Hey guys, nice to meet you here!
Regarding your concerns, I may have a solution: while I was reading various threads in the official forum I came across a post by someone who was enrolled in the first iteration of the course, so he has access to the complete archive and he was generous to share all the assignment topics with us. Here it comes:
HW 1 (by Week 3, week of Aug 12) :
How did Kant define Enlightenment? Use Kant’s definition to discuss whether either Rousseau or Marx is an Enlightenment figure.
HW 2 (by Week 4, week of Aug 19):
Compare the role of historical progress in the ideas of two of the following: Kant, Rousseau, Marx, Flaubert.
HW 3 (by Week 6, week of Sept 2):
Respond to one of the two following prompts:
Darwin wrote that: "Man still bears in his bodily frame the indelible stamp of his lowly origin." Compare Darwin's view of the persistent effects of the past with at least one other writer covered so far in the course (please try to write about someone you haven't written about in the previous assignments).
OR
Describe how Darwin makes use of the intellectual traditions of utilitarianism and romanticism in his work. Compare this use to how another thinker makes use of the past in his or her own work (this can be anyone covered so far in the course, but please try to write about someone you haven't written about in the previous assignments).
HW 4 (by Week 9, week of Sept 23):
Respond to one of the two following prompts:
Freud wrote that art was a “palliative measure” that helped people cope with suffering. Discuss his view and how it compares with the views of art or aesthetics of one of the following authors: Baudelaire, Darwin, Nietzsche. Woolf.
Or
Describe how two of the following thinkers make use of memory or history in their work: Baudelaire, Nietzsche, Freud and Woolf
HW 5 (by Week 10, week of Sept 30):
Respond to one of the two following prompts:
Compare the approach to the ordinary in two of the following: Baudelaire, Woolf, Emerson and Wittgenstein.
Or
How is the cultivation of self-reliance (in Emerson) a continuation of the Enlightenment tradition? Compare Emerson with at least one other thinker from the course.

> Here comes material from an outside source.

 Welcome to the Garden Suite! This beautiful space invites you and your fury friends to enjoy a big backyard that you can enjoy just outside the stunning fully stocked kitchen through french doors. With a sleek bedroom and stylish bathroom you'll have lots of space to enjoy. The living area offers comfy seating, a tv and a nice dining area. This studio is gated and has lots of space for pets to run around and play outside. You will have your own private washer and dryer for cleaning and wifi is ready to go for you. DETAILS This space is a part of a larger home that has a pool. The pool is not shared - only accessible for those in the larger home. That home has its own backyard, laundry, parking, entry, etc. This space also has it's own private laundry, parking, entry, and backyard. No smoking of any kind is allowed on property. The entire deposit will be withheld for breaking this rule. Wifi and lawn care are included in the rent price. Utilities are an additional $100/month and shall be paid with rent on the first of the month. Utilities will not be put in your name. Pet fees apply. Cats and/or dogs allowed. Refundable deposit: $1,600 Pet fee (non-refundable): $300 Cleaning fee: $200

HW 6 (by Week 11, week of Oct 7):
Respond to one of the two following prompts:
"What human beings seek to learn from nature is how to use it to dominate wholly both it and human beings. Nothing else counts." -- Horkheimer and Adorno
Discuss how the idea of domination plays a role in two of the authors we have read this semester (you may write on Horkheimer and Adorno [as one thinker]).
Or
Horkheimer and Adorno and Foucault see progress as a kind of trap in which we ensnare ourselves. Discuss one of them in relation to another thinker in our course who also saw progress as a trap.
HW 7 (by Week 13, week of Oct 21) :
Respond to one of the two following prompts:
Butler writes that gender “is a practice of improvisation within a scene of constraint.”

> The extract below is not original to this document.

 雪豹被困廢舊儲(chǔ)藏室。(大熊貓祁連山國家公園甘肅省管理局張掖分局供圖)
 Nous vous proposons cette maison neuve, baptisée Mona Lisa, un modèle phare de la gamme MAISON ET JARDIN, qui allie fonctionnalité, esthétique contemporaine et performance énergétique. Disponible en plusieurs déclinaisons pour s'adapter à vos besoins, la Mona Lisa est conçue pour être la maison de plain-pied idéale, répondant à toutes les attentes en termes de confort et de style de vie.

Discuss how her idea of improvisation compares with notions of creativity and self-invention we have seen in one other writer we have read this semester.
Or
Butler is very concerned with the idea of vulnerability. Compare her views on the vulnerable with another thinker we have read in this course.
HW 8 (by Week 14, week of Oct 28):
"If the Hegelians are right, then there are no ahistorical criteria for deciding when it is or is not a responsible act to desert a community, any more than for deciding when to change lovers or professions." -- Richard Rorty
Respond to one of the two following prompts:
Discuss how two of the authors we have read this semester have addressed the issue of whether or not one needs a historical criteria for deciding on human responsibility.
Or
Which two thinkers in our class do you think Anthony Appiah would consider “cosmopolitan” in his terms.
I hope you find them useful, maybe I should start a new post for more members to see.